Both rowers are happy to discuss their chances, and are eager to get back to the Olympic stage and try to atone for disappointing Beijing results. But they have their own ways of dealing with the question. Lanzone said his mother, Gisella, knows not to ask, because all she’ll get in return is an “I don’t know,” a tactic he uses to avoid complacency. Stitt is happy to say his chances are good.

“Confidence is a good thing, and anyone you ask who says they have a good chance of going has the right mindset,” he said. “I’ve committed three or four years this go-round, and it’s going to be tough, but I think I have a pretty good shot.”

Lanzone, Stitt and the rest of the Olympic prospects will attend a series of selection regattas in 2012, and the team will be named about 30 days before the London Games.

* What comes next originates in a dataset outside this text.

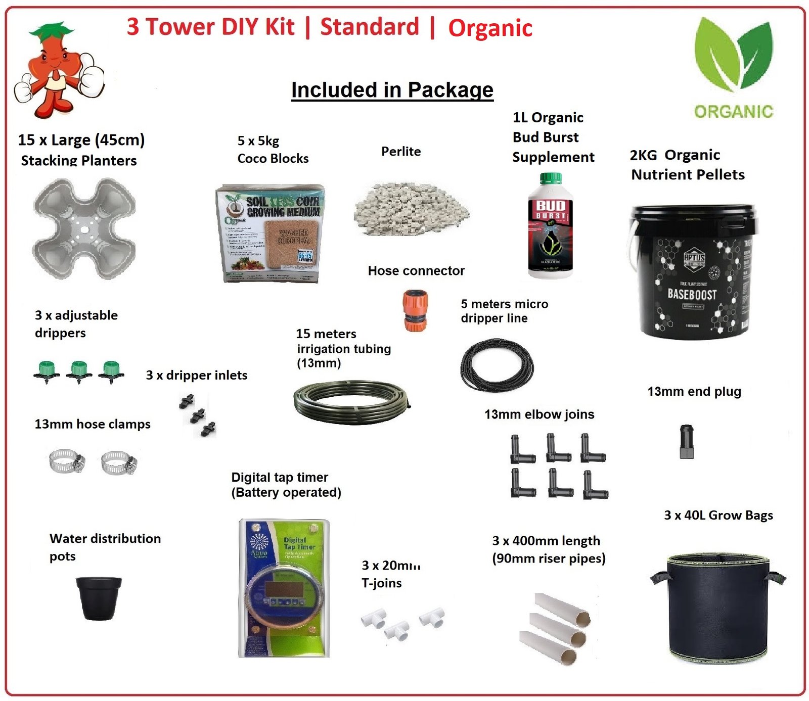 Mr Stacky 3 tower organic water mains vertical gardening system australia

Regardless of what happens, the two kids from McLean value the experiences that have come with competing at the Olympic level — and that includes modeling for Ralph Lauren (Lanzone) and interacting with the Winklevoss twins, of “The Social Network” fame.

Each rower knows he couldn’t have made it without support from coaches, parents and mentors in the D.C. area.

“I got real lucky,” said Stitt, who said he was pointed in the Olympic direction by his coaches at the Potomac Boat Club during his post-college years. “They say every blind squirrel finds a nut, and I just happened to land in a field of them.”